Williams-Sonoma Inc.’s shares jumped to a two-year high and trading of bullish options surged to the highest level since July on renewed speculation that the U.S. gourmet-cookware retailer may be acquired.
Williams-Sonoma, based in San Francisco, advanced $1.77, or 6.1 percent, to $30.61 at 4:15 p.m. in New York Stock Exchange composite trading, the highest closing price since November 2007. The shares have soared 47 percent so far this year.
More than 20,000 call options to buy the stock changed hands, 32 times the four-week average and five times the level for puts to sell the stock. The most active contracts were May $35 calls, which quadrupled to 20 cents for the biggest gain among the options. Next month’s contracts expire May 21. The stock hasn’t closed above $35 since July 2007.
“It’s typical speculative activity, where investors are looking at the short-term options as a cheap way to play it if there is an announcement,” Frederic Ruffy, senior options strategist at WhatsTrading.com, said in a telephone interview. New York-based WhatsTrading provides options-market analysis.
Leigh Oshirak, Williams-Sonoma’s spokeswoman, said in an e- mail that the company does not comment on rumors or speculation.
Williams-Sonoma’s performance has improved during the last three quarters, the result of a post-recession strategy of cutting costs and reducing the number of markdowns offered, Anthony Chukumba, an analyst at BB&T Capital Markets in New York, said in a telephone interview.

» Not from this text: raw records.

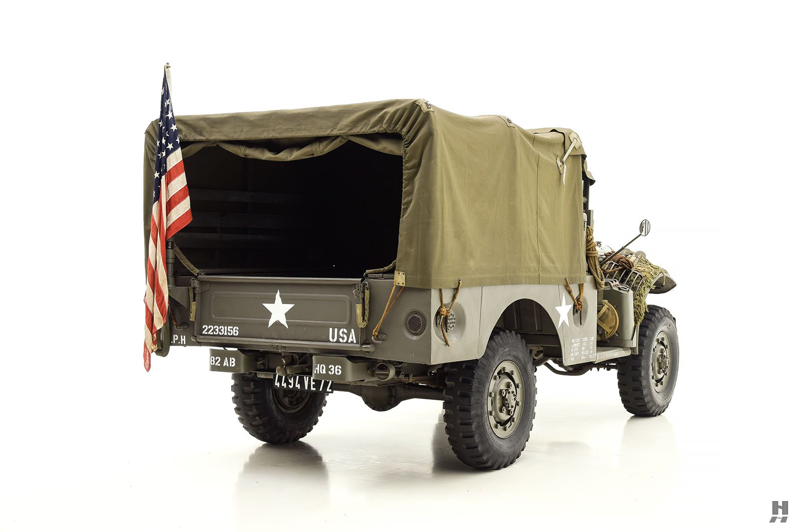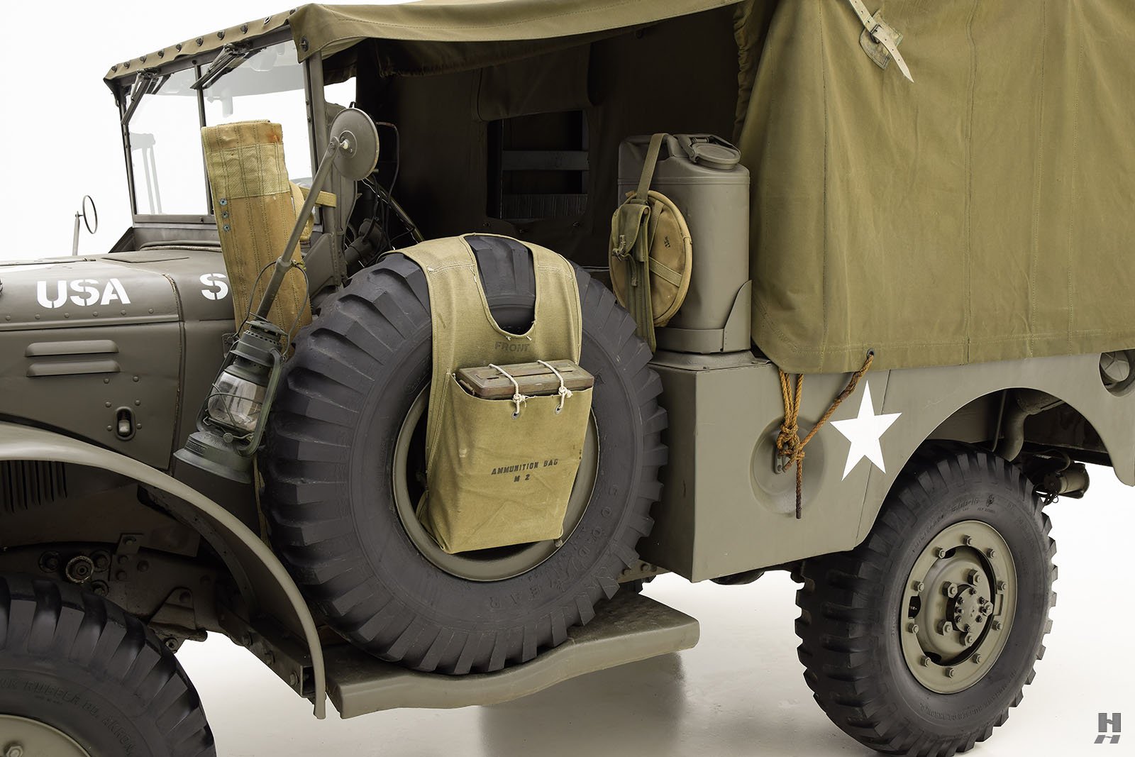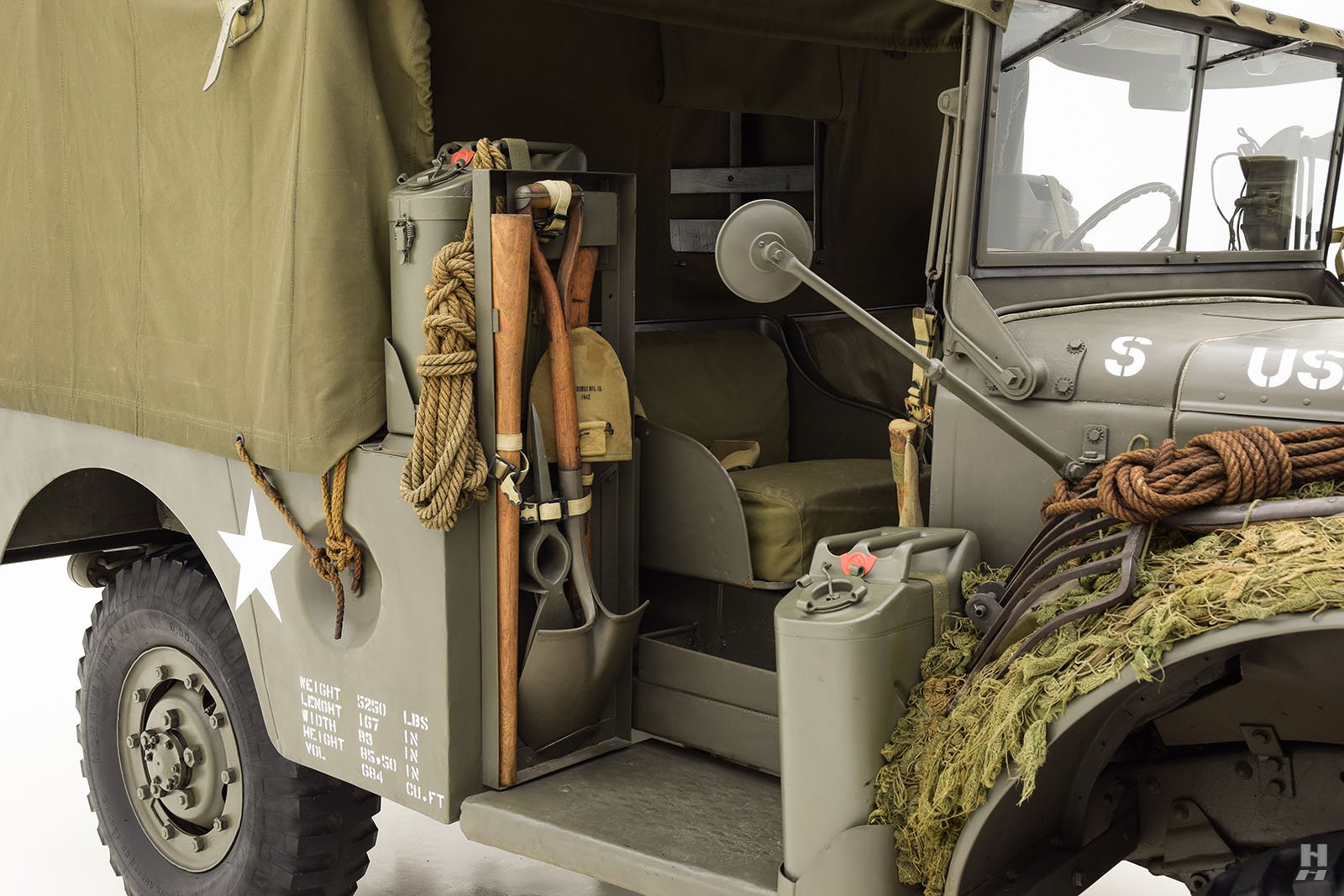 The 1943 WC51 is a stunning example, wonderfully well presented with period equipment that boasts a genuine 1943 Harley-Davidson WL (S/N 42-2136) military-specification motorcycle on a replica trailer. The WC51 is a first series ¾-ton version with the standard Weapons Carrier body on a 98-inch chassis. It has been painstakingly restored and has an exceptional attention to detail with excellent accessories such as full embarkation equipment (including shovel, axe, camouflage netting, jerry cans and armament cases) and it’s all presented in the colors of the 82nd Airborne division.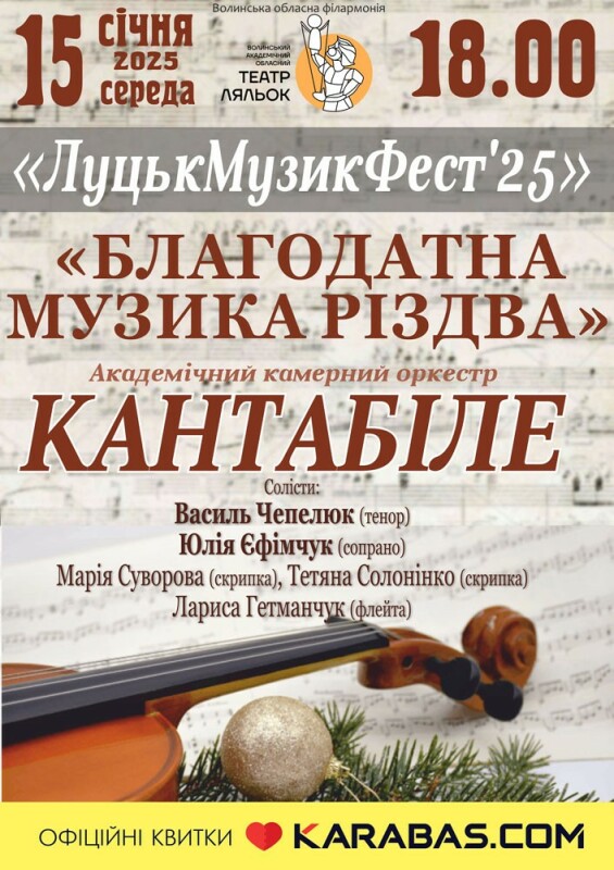 • «Благодатна музика Різдва». Акадеічний камерний оркестр «Кантабіле»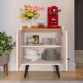 O Aparador Baden conta com uma adega para 6 garrafas e duas prateleiras internas, sendo ideal para montar um charmoso cantinho do café ou bar.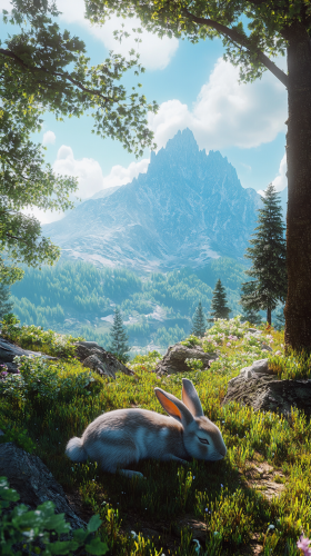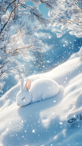 Among the snow-covered trees near the top of a high mountain, a white rabbit is curled up and sleeping. The surroundings are blanketed in deep snow, covering the branches and ground. The sky above is a clear winter blue, with the cold air feeling crisp and transparent. Sunlight reflects off the snow, casting a warm glow on the rabbit's white fur. As the breeze stirs, the trees sway realistically, and snowflakes gently shimmer as they fall. This scene is depicted as an anime illustration in Makoto Shinkai’s style, with intricate details, even more vibrant and bright colors, and a sense of wonder. The scene is dreamlike yet captures the real beauty of winter nature. --ar 9:16 --v 6.1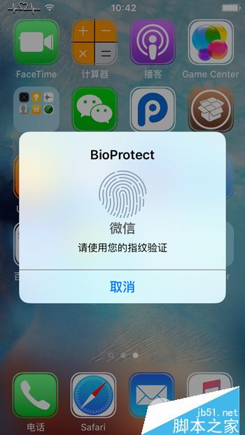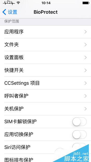 3、BioProtect保护范围:BioProtect支持为应用程序、文件夹、设置面板中的功能以及开关机、SIM卡解锁、应用程序切换、Siri以及图标排布保护等。具体设置方法(以为应用加密为例):打开BioProtect,点开【应用程序】,勾选所要加密的应用程序,返回桌面之后,打开相应的应用则需要验证指纹。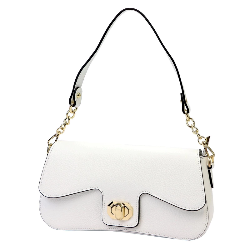 Torebka urzeka minimalistycznym stylem – gładka skóra naturalna bez wzoru nadaje jej klasyczny, ponadczasowy wygląd, a złote okucia dodają subtelnego blasku. Wykonana z naturalnej skóry, zapewnia trwałość i wyrafinowany charakter. Dwa skórzane paski – krótki do trzymania w ręku i dłuższy, regulowany do noszenia na ramieniu – pozwalają na dostosowanie jej do różnych potrzeb. Zapięcie klapą na zapinkę i suwakiem gwarantuje bezpieczeństwo i estetyczny wygląd.

This has increased same- store sales and widened gross margin, he said. Chukumba recommends holding the shares.
In the fourth quarter ended Jan. 31, comparable-store sales rose 7.6 percent, versus a 22.3 percent decline in the year-ago quarter. Gross margin, or the percentage of revenue remaining after subtracting the cost of goods sold, widened to 41.4 percent from 33.9 percent in the year-ago quarter.
The company has been caught up in takeover speculation that is “like a contagious disease” in the retail industry, Chukumba said.
Joseph Feldman, an analyst at Telsey Advisory Group in New York, said Williams-Sonoma might be attractive to suitors. “There is very little debt and pretty good cash flow,” Feldman said in a telephone interview. “You could leverage this thing up and it starts to look pretty interesting.”
Less Expensive Purchase
The company had $8.7 million in long-term debt for the quarter. The ratio of its enterprise value to its trailing 12- month earnings before interest, taxes, depreciation and amortization, a ratio commonly used to value a cash-based business, is 10 percent, according to Bloomberg data.
The average EV/EBITDA ratio for 634 North American retail companies as of their latest regulatory filing was 14.9 percent, the data show. That makes Williams-Sonoma a less expensive purchase than its peers.
In January, the company announced that Howard Lester, chairman and chief executive officer, will retire in May after leading the company for 31 years. During that time, Williams- Sonoma expanded to more than 600 stores from four. The board said in a news release that it plans to name president Laura J. Alber to succeed Lester.
Williams-Sonoma owns and operates six home-centered retail businesses including its namesake stores and catalog business, Pottery Barn, Pottery Barn Kids, PBTeen and West Elm.
Each of the three most-active options, May $30 calls, May $35 calls and June $35 calls, gained on volume that exceeded the number of outstanding contracts before today. May $30 calls changed hands 8,519 times, compared with an open interest of 1,751 before today. May $35 calls had volume of 8,520 and previous open interest of 294.
“There are large bets going on right now that before expiration, Williams-Sonoma is going to be trading significantly over $35,” said Ophir Gottlieb, a trader and head of client services at Livevol Inc., a San Francisco-based provider of options market data and analytics. Speaking in a telephone interview, he said, “Buying these calls is an especially bullish bet when it’s in the front month before expiry.”